An old Samsung laptop running 6 pieces of malware that have caused financial damages totaling $95B has been on sale for a price of $1.2 Million.

"The Persistence of Chaos" is an art project made by Beijing-based artist Guo O Dong and New York-headquartered "deep learning" cybersecurity vendor Deep Instinct.

The laptop, cureently running somewhere in NY and livestreamed here, is isolated and airgapped to prevent against spread of the malware. In terms of hardware, it is a Samsung NC10-14GB 10.2-Inch Blue Netbook (2008) running Windows XP SP3, loaded with 6 pieces of malware:

• The ILOVEYOU virus, distributed via email and file sharing, affected 500,000+ systems and caused $15B in damages total, with $5.5B in damages being caused in the first week.
• MyDoom, potentially commissioned by Russian e-mail spammers, was one of the fastest spreading worms. It's projected that this virus caused $38B in damages.
• SoBig was a worm and trojan that circulated through emails as viral spam. This piece of malware could copy files, email itself to others, and could damage computer software/hardware. This piece of malware caused $37B in damages and affected hundreds of thousands of PCs.
• WannaCry was an extremely virulent ransomware cryptoworm that also set up backdoors on systems. The attack affected 200,000+ computers across 150 countries, and caused the NHS $100M in damages with further totals accumulating close to $4B.
• A sophisticated and evasive piece of malware that targeted users mainly in Latin America, DarkTequila stole bank credentials and corporate data even while offline.

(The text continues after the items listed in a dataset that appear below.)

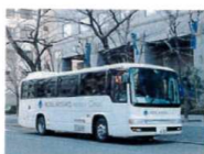
ホテルマイステイズプレミア大森行き to HOTEL MYSTAYS PREMIER Omori
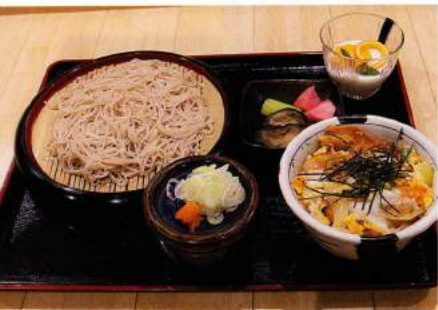
ミニかつ丼セット 908円(税込980円)
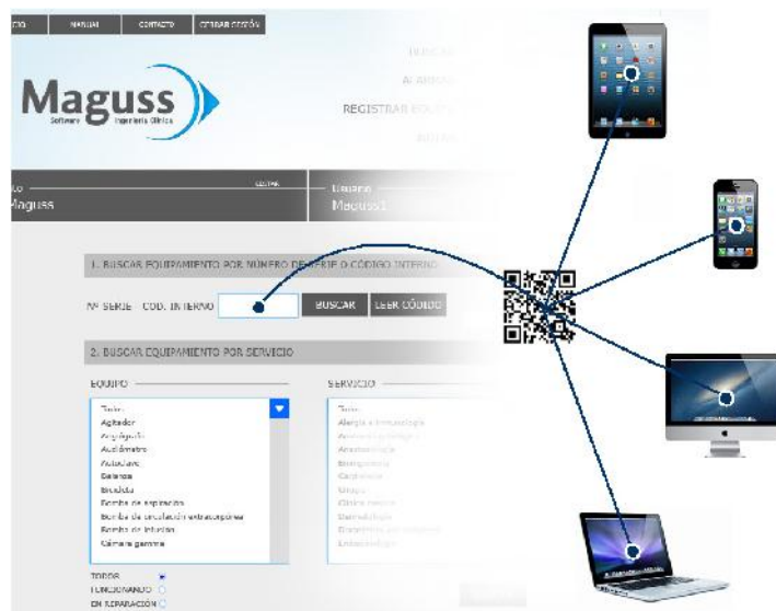
Imagen 4: Ingreso con código QR al código interno.

Si además este registro se hace en código QR el usuario puede leer la información del equipo mediante dispositivos como una cámara web, un teléfono celular o una tablet.
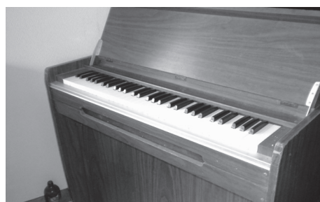
物品 38 オルガン
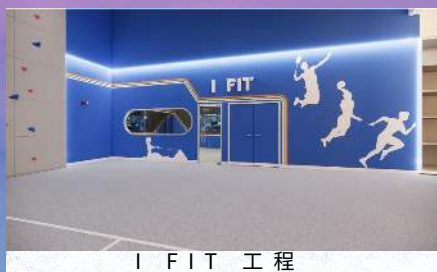
I FIT 工程
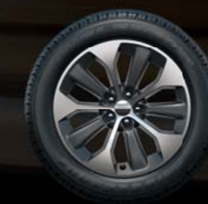
ΣΤΙΛΒΩΜΕΝΕΣ ΖΑΝΤΕΣ ΑΛΟΥΜΙΝΙΟΥ 19" Βασικός εξοπλισμός
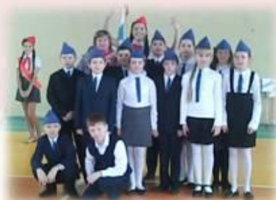
Месячник оборонно-массовой работы

DarkTequila costed millions in damages across many users.
  BlackEnergy
• BlackEnergy 2 uses sophisticated rootkit/process-injection techniques, robust encryption, and a modular architecture known as a "dropper". BlackEnergy was used in a cyberattack that prompted a large-scale blackout in Ukraine in December 2015.

At least the shipping is free and there are no fees for bidding in the auction.

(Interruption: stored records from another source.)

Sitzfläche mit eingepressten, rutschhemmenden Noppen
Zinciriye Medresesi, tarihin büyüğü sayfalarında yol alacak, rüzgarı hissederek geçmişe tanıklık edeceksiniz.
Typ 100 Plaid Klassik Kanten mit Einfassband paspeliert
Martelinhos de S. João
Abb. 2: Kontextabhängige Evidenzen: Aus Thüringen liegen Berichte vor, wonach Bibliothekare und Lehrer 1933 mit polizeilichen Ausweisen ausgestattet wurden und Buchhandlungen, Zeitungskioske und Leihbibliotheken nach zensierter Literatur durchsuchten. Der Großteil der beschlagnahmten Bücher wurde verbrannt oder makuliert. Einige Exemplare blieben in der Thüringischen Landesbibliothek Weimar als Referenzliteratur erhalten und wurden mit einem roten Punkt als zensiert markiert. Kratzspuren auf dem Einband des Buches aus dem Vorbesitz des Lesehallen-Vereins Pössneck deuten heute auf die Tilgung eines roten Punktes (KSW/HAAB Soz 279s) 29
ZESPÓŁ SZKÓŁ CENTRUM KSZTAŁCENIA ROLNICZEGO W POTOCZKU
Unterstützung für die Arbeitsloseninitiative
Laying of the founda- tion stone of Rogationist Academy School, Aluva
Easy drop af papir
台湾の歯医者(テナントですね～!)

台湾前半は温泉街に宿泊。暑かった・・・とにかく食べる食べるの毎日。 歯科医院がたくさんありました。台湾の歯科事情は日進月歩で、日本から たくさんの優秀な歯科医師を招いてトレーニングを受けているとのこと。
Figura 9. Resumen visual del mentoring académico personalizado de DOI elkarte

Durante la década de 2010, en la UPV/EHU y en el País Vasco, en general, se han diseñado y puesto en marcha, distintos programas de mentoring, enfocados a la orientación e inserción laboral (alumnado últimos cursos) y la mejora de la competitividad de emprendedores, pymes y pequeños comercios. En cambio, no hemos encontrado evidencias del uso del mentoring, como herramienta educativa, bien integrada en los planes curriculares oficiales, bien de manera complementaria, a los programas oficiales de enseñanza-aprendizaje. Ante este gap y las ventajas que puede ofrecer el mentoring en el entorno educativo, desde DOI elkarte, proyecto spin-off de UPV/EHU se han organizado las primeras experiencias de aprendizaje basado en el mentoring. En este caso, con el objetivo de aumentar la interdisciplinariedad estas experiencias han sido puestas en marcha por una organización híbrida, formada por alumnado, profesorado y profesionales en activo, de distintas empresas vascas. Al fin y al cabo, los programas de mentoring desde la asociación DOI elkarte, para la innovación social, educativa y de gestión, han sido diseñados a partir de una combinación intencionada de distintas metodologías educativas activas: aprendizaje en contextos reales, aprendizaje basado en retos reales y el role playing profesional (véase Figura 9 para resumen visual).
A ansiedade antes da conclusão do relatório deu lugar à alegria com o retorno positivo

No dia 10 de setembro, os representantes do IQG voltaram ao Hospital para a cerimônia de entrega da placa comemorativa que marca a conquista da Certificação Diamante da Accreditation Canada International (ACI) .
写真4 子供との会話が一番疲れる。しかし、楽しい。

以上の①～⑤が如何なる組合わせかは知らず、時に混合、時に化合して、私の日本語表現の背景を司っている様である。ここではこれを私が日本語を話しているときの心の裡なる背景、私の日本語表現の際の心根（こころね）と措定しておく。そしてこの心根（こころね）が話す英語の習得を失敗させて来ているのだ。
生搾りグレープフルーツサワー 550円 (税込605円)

The sale of malware for operational purposes is illegal in the United States. As a buyer, you should recognize that this work represents a potential security hazard. By submitting a bid you agree and acknowledge that you’re purchasing this work as a piece of art or for academic reasons, and have no intention of disseminating any malware. Upon the conclusion of this auction and before the artwork is shipped, the computer’s internet capabilities and available ports will be functionally disabled.

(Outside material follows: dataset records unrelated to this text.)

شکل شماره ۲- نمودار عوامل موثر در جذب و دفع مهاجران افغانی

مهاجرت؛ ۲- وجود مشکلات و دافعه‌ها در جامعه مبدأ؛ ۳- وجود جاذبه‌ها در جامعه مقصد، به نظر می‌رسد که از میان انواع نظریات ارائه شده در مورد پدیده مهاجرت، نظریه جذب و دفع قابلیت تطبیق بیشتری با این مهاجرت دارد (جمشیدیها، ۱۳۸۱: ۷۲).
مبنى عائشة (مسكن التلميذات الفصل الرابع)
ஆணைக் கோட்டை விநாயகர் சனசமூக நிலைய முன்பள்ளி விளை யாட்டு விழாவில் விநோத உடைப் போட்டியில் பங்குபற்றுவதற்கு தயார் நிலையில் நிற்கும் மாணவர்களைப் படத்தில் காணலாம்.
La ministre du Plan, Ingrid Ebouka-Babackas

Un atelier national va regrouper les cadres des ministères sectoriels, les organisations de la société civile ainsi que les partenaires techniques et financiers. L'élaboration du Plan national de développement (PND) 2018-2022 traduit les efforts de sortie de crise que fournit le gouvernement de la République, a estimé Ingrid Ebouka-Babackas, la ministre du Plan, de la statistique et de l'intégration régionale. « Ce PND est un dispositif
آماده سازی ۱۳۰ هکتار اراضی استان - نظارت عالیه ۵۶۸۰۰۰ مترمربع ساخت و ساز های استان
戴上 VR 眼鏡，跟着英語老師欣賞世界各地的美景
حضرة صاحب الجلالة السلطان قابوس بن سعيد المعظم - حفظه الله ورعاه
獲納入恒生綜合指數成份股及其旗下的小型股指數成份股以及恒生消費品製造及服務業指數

There is a further disclaimer though, which confirms that the malware files will "come encrypted and locked with specific instructions to unencrypt" but goes on to remind the buyer they are both live and dangerous samples which should be run "in a VM (virtual machine) which has no internet connection. Running them unconstrained means that you will infect yourself or others with vicious and dangerous malware."